Immediate visual feedback
See responses as they’re generated
Better user experience
Can see tool usage in real-time

Basic Streaming

The simplest way to stream responses:

import asyncio
from tyler import Agent, Thread, Message
from tyler.models.execution import ExecutionEvent, EventType

agent = Agent(
    name="streaming-assistant",
    model_name="gpt-4",
    purpose="To provide real-time responses"
)

async def stream_response():
    thread = Thread()
    message = Message(role="user", content="Tell me a story about space exploration")
    thread.add_message(message)
    
    print("🤖 Assistant: ", end="", flush=True)
    
    async for event in agent.go(thread, stream=True):
        if event.type == EventType.LLM_STREAM_CHUNK:
            print(event.data.get("content_chunk", ""), end="", flush=True)
    
    print()  # New line at the end

asyncio.run(stream_response())

Understanding Execution Events

ExecutionEvent objects provide detailed information about the agent’s execution:

from tyler import EventType

async for event in agent.go(thread, stream=True):
    if event.type == EventType.LLM_STREAM_CHUNK:
        # Text being generated
        print(event.data.get("content_chunk", ""), end="", flush=True)
    
    elif event.type == EventType.TOOL_SELECTED:
        # Tool is about to be called
        print(f"\n🔧 Calling tool: {event.data['tool_name']}")
    
    elif event.type == EventType.MESSAGE_CREATED:
        # New message added to thread
        msg = event.data["message"]
        if msg.role == "tool":
            print(f"\n✅ Tool {msg.name} completed")
    
    elif event.type == EventType.EXECUTION_COMPLETE:
        # All processing complete
        print(f"\n✅ Complete in {event.data['duration_ms']:.0f}ms!")

Streaming with Tools

See tool usage in real-time:

from lye import WEB_TOOLS, FILES_TOOLS

agent = Agent(
    name="research-assistant",
    model_name="gpt-4",
    purpose="To research and create reports",
    tools=[*WEB_TOOLS, *FILES_TOOLS]
)

async def research_with_streaming(topic: str):
    thread = Thread()
    message = Message(
        role="user",
        content=f"Research {topic} and create a summary"
    )
    thread.add_message(message)
    
    async for event in agent.go(thread, stream=True):
        if event.type == EventType.LLM_STREAM_CHUNK:
            print(event.data.get("content_chunk", ""), end="", flush=True)
        
        elif event.type == EventType.TOOL_SELECTED:
            tool_name = event.data["tool_name"]
            print(f"\n\n🔧 Using {tool_name}...", flush=True)
        
        elif event.type == EventType.TOOL_RESULT:
            result = event.data["result"]
            # Show abbreviated tool results
            if len(result) > 100:
                print(f"   Result: {result[:100]}...")
            else:
                print(f"   Result: {result}")
            
            print("\n🤖 ", end="", flush=True)
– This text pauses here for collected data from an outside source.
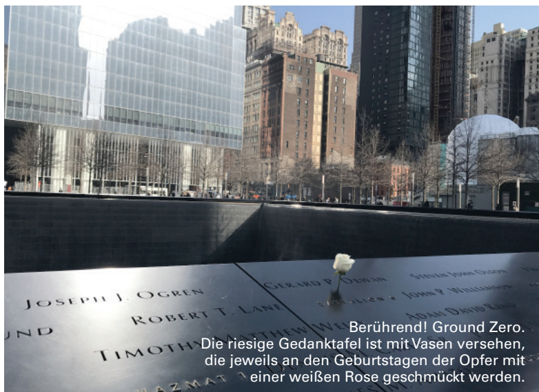
Berührend! Ground Zero. Die riesige Gedanktafel ist mit Vasen versehen, die jeweils an den Geburtstagen der Opfer mit einer weißen Rose geschmückt werden.
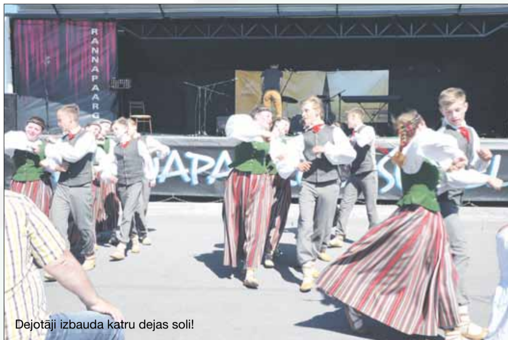
Dejotāji izbauda katru dejas soli!

Braucienam dokumentēja un aprakstīja Inga Pelcmane un Daina Grudule.
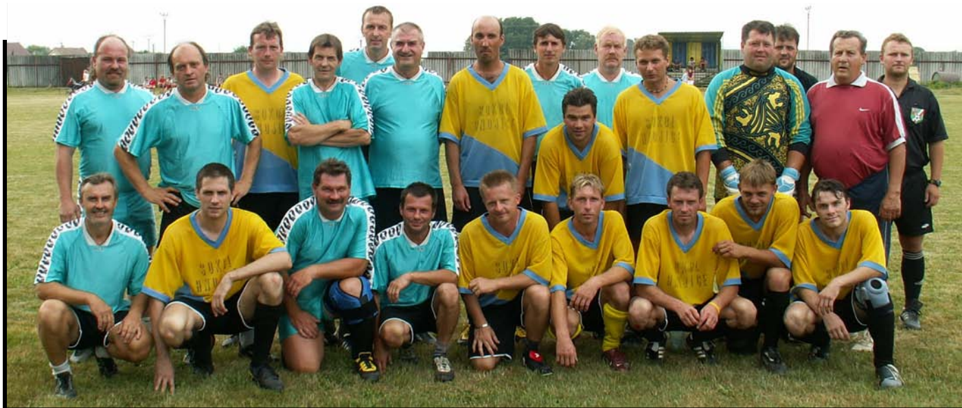
To nejlepší z hnojického fotbalu - mezigenerační fotbalový výkvět. Foceno v červenci 2006 při příležitosti výročí 40ti. let hnojického fotbalu.

Před uzávěrkou došla dobrá zpráva. V Jířkově jsme vyhráli 2:1!
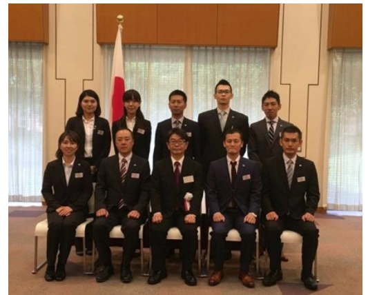
英国派遣団 ※前段中央は内閣府国際交流室長

英国でもゆるやかに高齢化が進行しており、高齢者の孤立や認知症患者の増加等、日本と同じ問題も抱えています。また、高齢者がいつまでも健康に過ごせるよう、介護予防の取組も重要視されました。世界的にも“高齢者の健康づくり”は重要な視点であり、これまで本学が取組んできた地域を巻き込んだ高齢者の健康づくりは非常に重要です。今後も地域に根差しながら更に発展させ、世界にも発信できるよう活動していこうと決意した研修となりました。
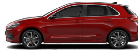
Ultimate Red Metallic
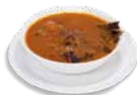
ORDEN DE BIRRIA 300 gramos $150
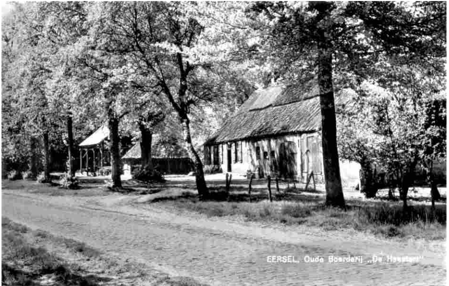
De Postelseweg ca. 1969

van zand; enz. enz. Gewoonlijk werken ze met hun drieën.
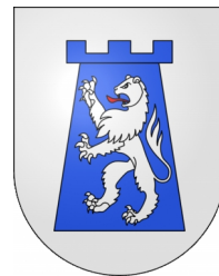
Comune di Losone
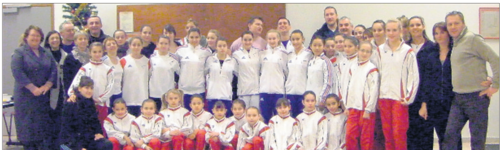
L'équipe de France de gymnastique artistique en bleu et les gymnastes giérois en rouge.

L'équipe de France de gymnastique artistique féminine a, pour la deuxième année consécutive, choisi Gières pour y effectuer un stage d'hiver dans l'optique des Jeux olympiques de Londres en 2012. Durant une semaine du 17

Building interactive applications

Terminal chat interface

import asyncio
from tyler import Agent, Thread, Message, ThreadStore
from tyler.models.execution import ExecutionEvent, EventType

class StreamingChat:
    def __init__(self):
        self.agent = None
        self.thread_store = None
        self.thread = None
    
    async def initialize(self):
        self.thread_store = await ThreadStore.create("sqlite+aiosqlite:///chat.db")
        self.agent = Agent(
            name="chat-assistant",
            model_name="gpt-4",
            purpose="To have helpful conversations",
            thread_store=self.thread_store
        )
    
    async def start_session(self, session_id: str):
        try:
            self.thread = await self.thread_store.get_thread(session_id)
            print("📚 Resuming conversation...")
        except:
            self.thread = Thread(id=session_id)
            print("🆕 Starting new conversation...")
    
    async def send_message(self, content: str):
        message = Message(role="user", content=content)
        self.thread.add_message(message)
        
        print("\n🤖 ", end="", flush=True)
        
        async for update in self.agent.go(self.thread, stream=True):
            if update.type == EventType.LLM_STREAM_CHUNK:
                print(update.data.get("content_chunk", ""), end="", flush=True)
            elif update.type == EventType.EXECUTION_COMPLETE:
                # Thread is already updated in place
                await self.thread_store.save_thread(self.thread)
        
        print("\n")

# Usage
async def main():
    chat = StreamingChat()
    await chat.initialize()
    await chat.start_session("main-chat")
    
    while True:
        user_input = input("\nYou: ")
        if user_input.lower() in ['exit', 'quit']:
            break
        
        await chat.send_message(user_input)

asyncio.run(main())

Web application streaming

For web applications, you can stream to a WebSocket or Server-Sent Events:

# FastAPI example with WebSocket
from fastapi import FastAPI, WebSocket
import json

app = FastAPI()

@app.websocket("/ws/chat")
async def websocket_endpoint(websocket: WebSocket):
    await websocket.accept()
    
    agent = Agent(
        name="web-assistant",
        model_name="gpt-4",
        purpose="To assist web users"
    )
    
    thread = Thread()
    
    while True:
        # Receive message from client
        data = await websocket.receive_text()
        message_data = json.loads(data)
        
        # Add to thread
        message = Message(role="user", content=message_data["content"])
        thread.add_message(message)
        
        # Stream response
        async for update in agent.go(thread, stream=True):
            if update.type == EventType.LLM_STREAM_CHUNK:
                await websocket.send_json({
                    "type": "content",
                    "data": update.data
                })
            
            elif update.type == EventType.TOOL_SELECTED:
                await websocket.send_json({
                    "type": "tool",
                    "name": update.data.get("tool_name", ""),
                    "content": str(update.data.get("arguments", ""))[:100] + "..."
                })
            
            elif update.type == EventType.EXECUTION_COMPLETE:
                # Thread is already updated in place
                await websocket.send_json({"type": "complete"})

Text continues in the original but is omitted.